● **The data**:
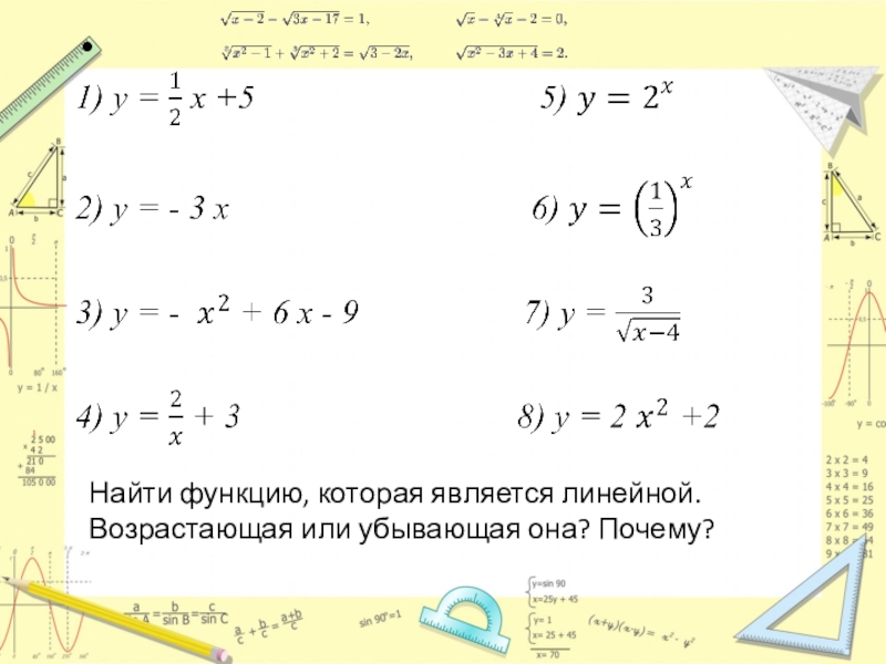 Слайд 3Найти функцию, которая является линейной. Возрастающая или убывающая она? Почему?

---

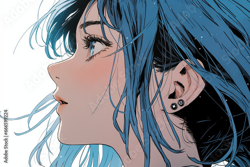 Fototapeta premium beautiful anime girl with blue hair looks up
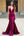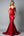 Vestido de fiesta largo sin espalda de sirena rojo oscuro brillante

● **What needs to be done**:
Going by the entries above, repeat exactly the lines that start at the line with "Fototapeta premium beautiful" and go on through the line with "Vestido de fiesta". Pictures are not part of the copy.

● **Answer to the exercise**:
 Fototapeta premium beautiful anime girl with blue hair looks up
 Vestido de fiesta largo sin espalda de sirena rojo oscuro brillante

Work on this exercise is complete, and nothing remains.